Bo Caldwell's sepia-toned evocation of 1930s Shanghai is lovely and physical, and given the built-in drama of its setting, this first novel ought to have the vividness of a classic movie. Yet the characters remain oddly flat while world events swirl around them. Great chunks of historical exposition seem largely undigested, while Schoene's final change of heart fails to ring true. In a sense, however, these shortcomings are beside the point. The Distant Land of My Father is above all a tragic romance, albeit one with an unusual love interest. Schoene is so besotted with Shanghai that his wife and daughter are scarcely as real to him as the city itself. --Mary Park
From Publishers Weekly
Caldwell's memoirlike first novel begins in 1930s Shanghai, a city where enterprising foreign entrepreneurs can quickly become millionaires and just as quickly lose everything as victims of the volatile political climate. Six-year-old narrator Anna Schoene tells the tale of her insurance salesman/smuggler father, Joseph, the son of American missionaries, whose life-long obsession with the city's opportunities gains him great riches, though it ultimately costs him his family and almost his life. Anna worships her father. Her life in Shanghai has been one of privilege, thanks to his shady business dealings. But after a harrowing kidnapping incident, and frightened by the Japanese invasion of China, her mother, Genevieve, flees home to South Pasadena, Calif., taking Anna with her. Joseph is convinced that his connections will keep him safe and refuses to leave. Imprisoned and tortured by the Japanese and subsequently the Chinese Communists, he survives, although he loses everything and is finally deported back to America in 1954. Over the years Anna has distanced herself emotionally from her father, realizing he needed money and power more than he needed his family.
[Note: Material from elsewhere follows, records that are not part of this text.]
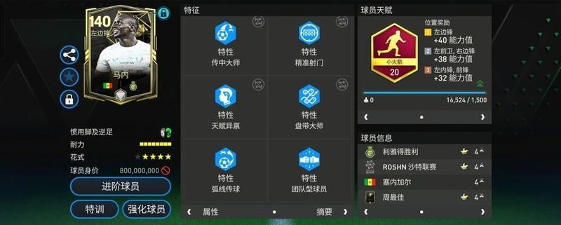 马内具备铁人、反越位大师、传中大师、精准射门、天赋异禀、盘带大师、弧线传球以及团队型球员等多项特性。反越位大师特性增强了他前插的主动性,传中大师与弧线传球则进一步提升了他原本就出色的传球能力,使传球更精准且弧线更理想。精准射门特性的加持,也让他的射门更加稳定可靠。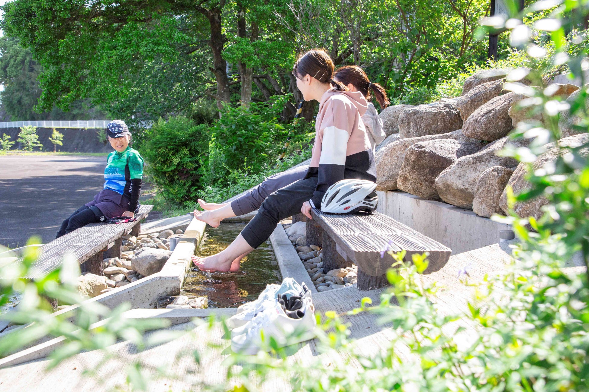 最後に訪れる稲葉根王子の前には「水垢離場(みずごりば)」があります。「水垢離」とは熊野古道の参詣時に富田川で行われていた清めの儀式。水を浴び、身体の穢れを払い身を清めることで、今までの罪がことごとく消え去ると信じられていました。現在は足をつけて水垢離を体験できる場所が用意されています。「水垢離」という神聖な習わしの一部を体験した後は、瀬戸さんやガイドの方々と季節のお菓子でひと休み。雄大な自然や歴史を間近に感じながら語らう時間がこのツアーの醍醐味です。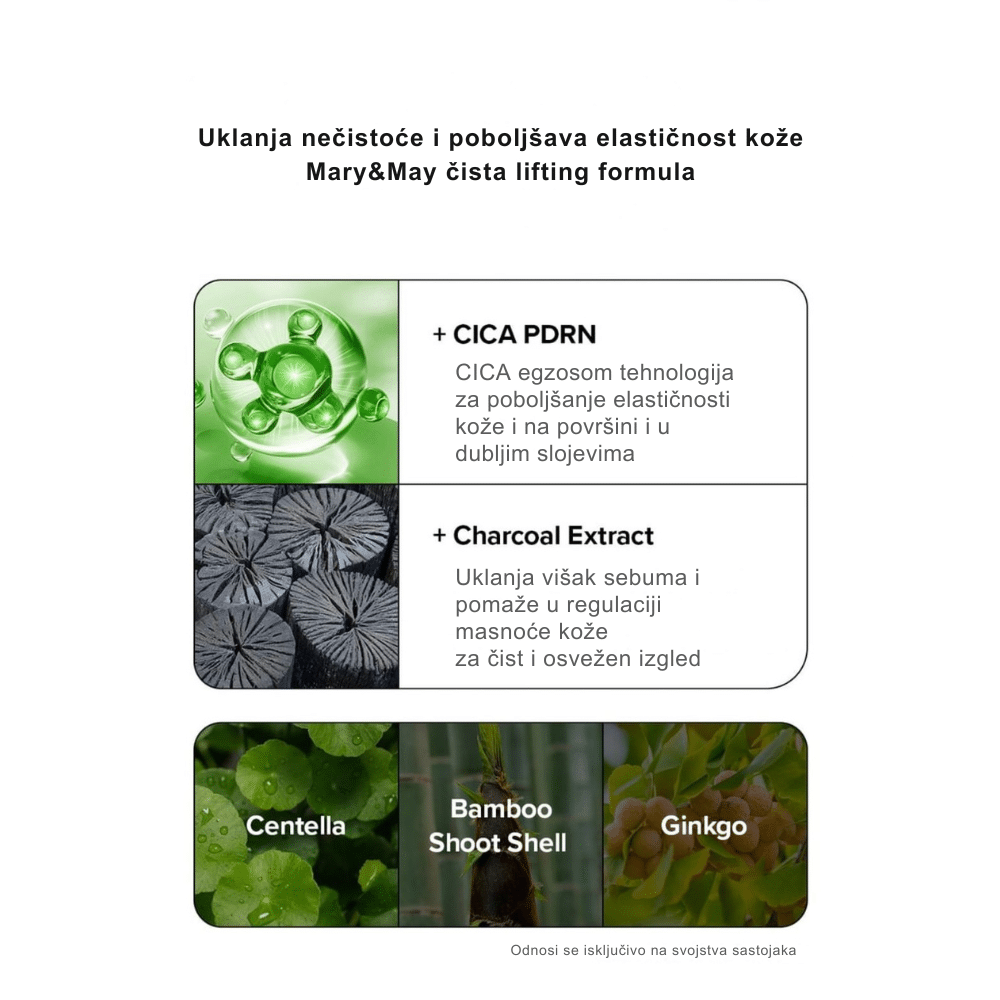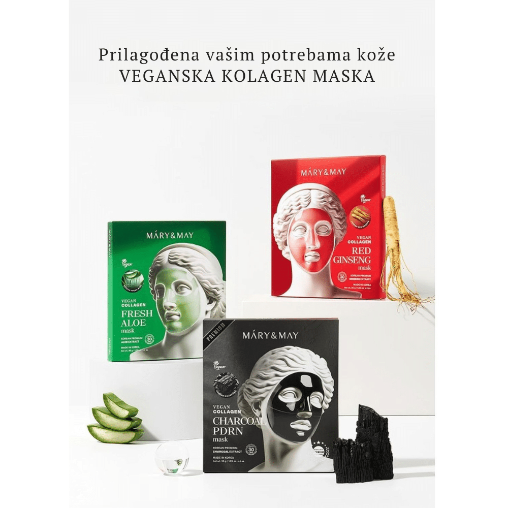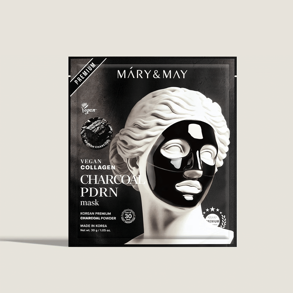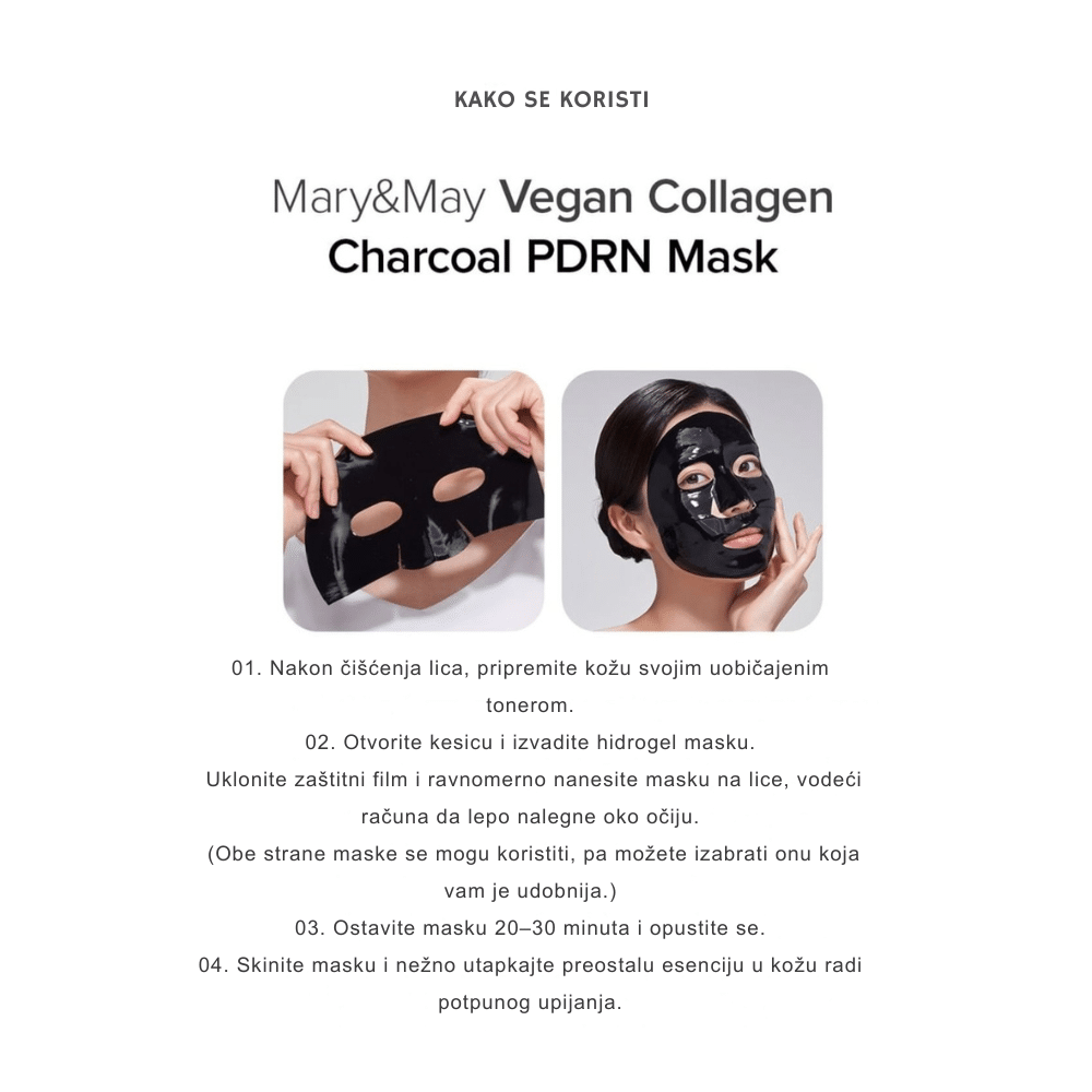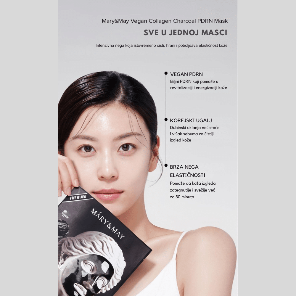 Mary&May Vegan Collagen Charcoal PDRN Mask predstavlja inovativno rešenje koje u jednom koraku dubinski čisti pore i pruža intenzivan anti-aging tretman. Ova specifična maska koristi moć aktivnog uglja (Charcoal) kako bi poput magneta izvukla nečistoće, višak sebuma i toksine iz pora, dok istovremeno zahvaljujući veganskom kolagenu i PDRN sastojku radi na učvršćivanju kože. PDRN, dobijen iz biljnih izvora u ovoj veganskoj varijanti, poznat je po svojoj neverovatnoj sposobnosti da regeneriše ćelije i popravi teksturu kože, čineći je elastičnom i glatkom. Za razliku od običnih maski sa ugljem koje mogu isušiti lice, Mary&May je formulisala ovu masku tako da zadrži vlažnost unutar barijere. Crna boja maske potiče od prirodnog uglja koji pročišćava ten, dok biljni kolagen niske molekularne težine popunjava fine linije. Rezultat je savršeno čista, matirana koža koja istovremeno izgleda jedro, zategnuto i revitalizovano. Idealna je za postizanje efekta suženih pora i “liftinga” u udobnosti doma, ostavljajući kožu mekanom i vidno osveženom bez osećaja zatezanja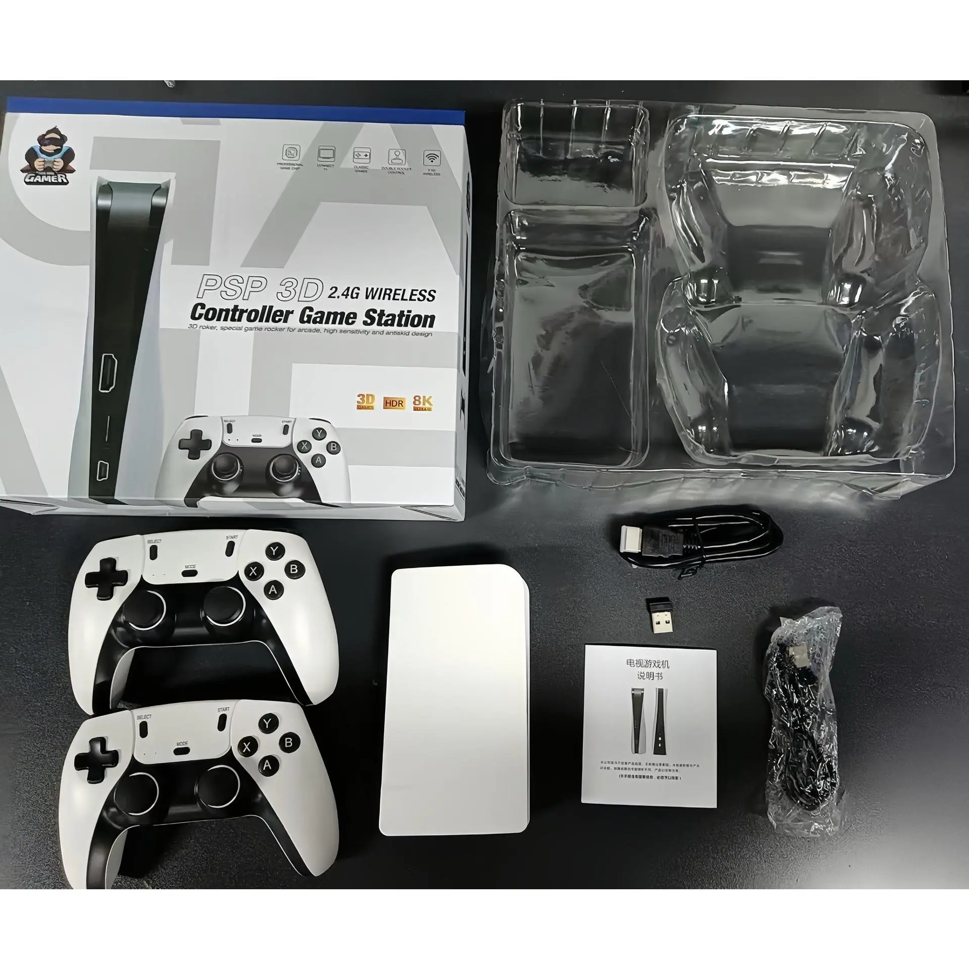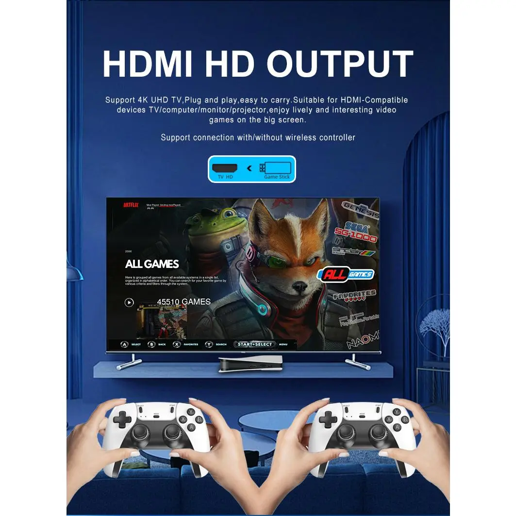 The P5X is a palm-sized mini console, perfect for on-the-go gaming. It comes with a 4K HD Android TV and two wireless controllers. Ideal for double player arcade gaming, this console offers a compact experience. 📦

But when the physically broken and spiritually reborn Joseph returns to California, he reconciles with the grown Anna and her family. The memoir-style structure lends the characters a certain flatness, but Caldwell's even tone gives the tale a panoramic elegance. Though lacking in narrative vitality, the novel is interesting from a historical perspective and vivid with details of prewar Shanghai and Los Angeles.